I've asked the users to let me know which processes need to be evaluated
but they haven't been able to tell me thus far. Application speed is an
issue with some users, but not others. The only SLA I've been given is
99.98 uptime on a very buggy application (sigh).
I normally use 10046 traces on individual, longer running jobs and I
know this isn't the technically correct way to do this, but the only
question I'm being asked at the moment is 'Is there a communication
problem between the app server and the db?'
Summary of the trace file info looks like this:
call count cpu elapsed disk query current rows
Parse 9388 2.29 2.75 0 10 0 0
Execute 21338 14.84 18.42 50 46799 12979 2733
Fetch 18272 56.16 61.66 62591 4929531 4158 217312
Total 48998 73.29 82.83 62641 4976340 17137 220045
Event waited times max total
db file scattered read 6792 0.02 2.49
db file sequential read 2537 0.03 5.65
latch free 47 0.02 0.12
log file sync 5 0.03 0.06
SQL*Net message from client: 14414 28.86 804.08 *
SQL*Net message to client: 14415 0.01 0.05 *
SQL*Net more data from client: 50 0.01 0.01
SQL*Net more data to client: 4296 0.01 0.23
These numbers are from pooled connection traces and there is lots of
user think time that would be included. That's my real question: can I use
a 10046 trace to evaluate pooled client connections? Since the database
appears to be waiting on a client input, can I ignore the 'from client'
waits or could they be hiding other problems?

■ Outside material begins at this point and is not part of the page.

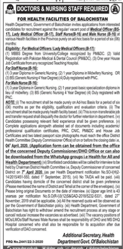 Jobs in Government of Balochistan Health Department Medical Staff Required

No problems have been noted on the database or the os. The servers are
all sized beyond the vendor specs; client hardware is another story.
If there's a better way to monitor for connection problems between an app
server and the database, please let me know ...
From: Bobak, Mark
Sent: Tuesday, March 16, 2004 4:32 PM
Subject: RE: SQL*Net message waits
Ok, of a 30 minute window, 0.05 seconds total was attributed to SQL*Net
message waits. How many total SQL*Net waits were in the trace?
I'm a little concerned because with the scoping error you admit is present
in your tracing, it's going to obfuscate the solution a bit.
I'm also a little concerned that "the users can't tell me exactly which
actions they believe are slow....". That statement tells me
your system has no real measurable SLA. Without that, how will you know
when you've succeeded? Ok, ok, I know, it wasn't your idea
but you're stuck with it. Which business process is the most business
critical and performing the worst. Start there. Try to get
an accurately scoped trace of that process. This will reveal much in
determining where the problem is.
Now, going back to the trace you already got:
What does the profile of the other 29 minutes 59.95 seconds look like?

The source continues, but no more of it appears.